Verdiende je veel geld met die zeges in Parijs-Nice en de Ronde van Vlaanderen?
Roger: “Een Vlaming laat zich niet graag in de portemonnee kijken. Dankzij de koers heb ik mijn kapitaal verzameld. Ik moest er wel veel voor doen, hé. In 1951-’52 reed ik 49 koersen in 51 dagen: 24 ritten in de Tour de France en 25 criteriums na Parijs!”
Je onthoudt nog bijzonder goed data…Hoe hou je jouw geest zo fris?
Roger: “Daar heb ik geen speciale oefeningen voor.”
Heb je die wel voor andere zaken?
Roger: “Zeker! Ik heb een eigen fitness! Per dag doe ik dertig minuten gymnastiek. Elke dag pedaleer ik in mijn bed achthonderd keer in de lucht. Handen onder mijn achterste, benen in de lucht en weg zijn we…Met mijn tenen onder de chauffagebuis en met een plastieken rol in de handen doe ik vijftien sit ups. En dan is er nog mijn eigen ontworpen krachttoestel met voethaken en een veer. Die veer trek ik tien keer tot mijn middel, tien keer tot op schouderhoogte. Dat houdt me fit! Elke maand laat ik ook mijn bloed onderzoeken.”

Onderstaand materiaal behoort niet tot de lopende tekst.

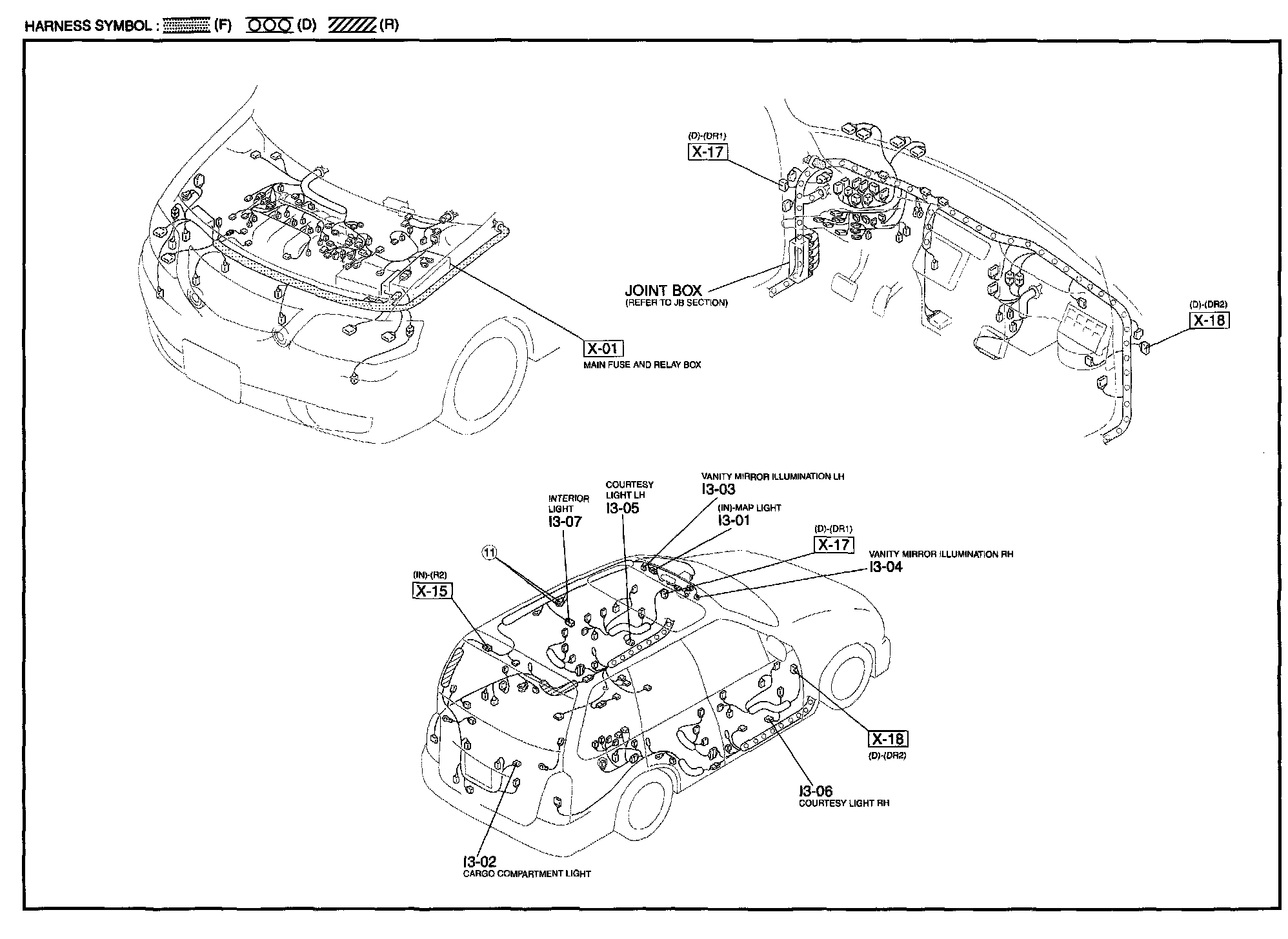 I-3 - Cargo Compartment Light / Courtesy Light / Interior Light / Map Light / Vanity Mirror Illumination Harness / Connector Symbols:
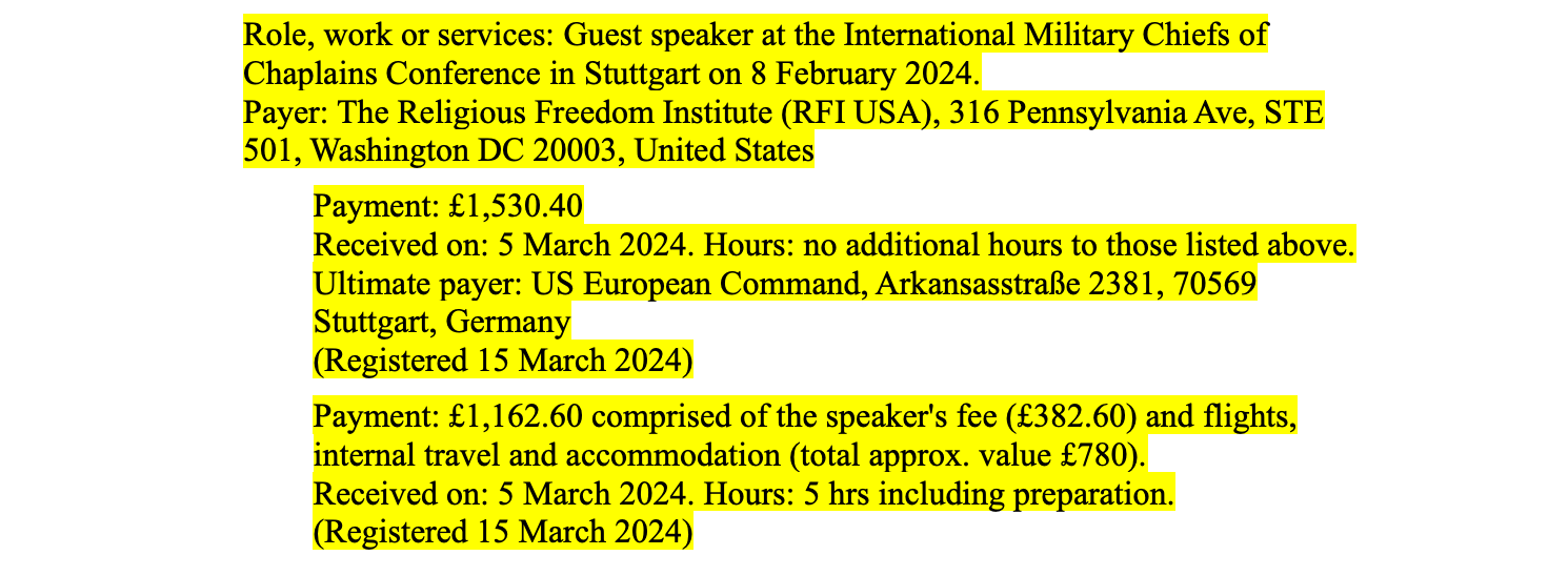 His most recent addition to the Register of Member’s Financial Interests shows a trip to Stuttgart in February to deliver the keynote speech at the International Military Chiefs of Chaplains Conference.

“Weet je dat ik nog 86 kilo heb gewogen? Nu staat 66-67 op de teller. Vijftig jaar geleden, de periode van De Wildeman, besloot ik na een sportavond in Oostrozebeke geen bier meer te drinken. Ik rookte in die tijd ook twee pakjes geparfumeerde sigaretten per dag en ben op hetzelfde moment gestopt.”
En dan was het tijd voor het dagelijks ritueel: Sint-Raphaël als aperitief met olijven in een pittig sausje.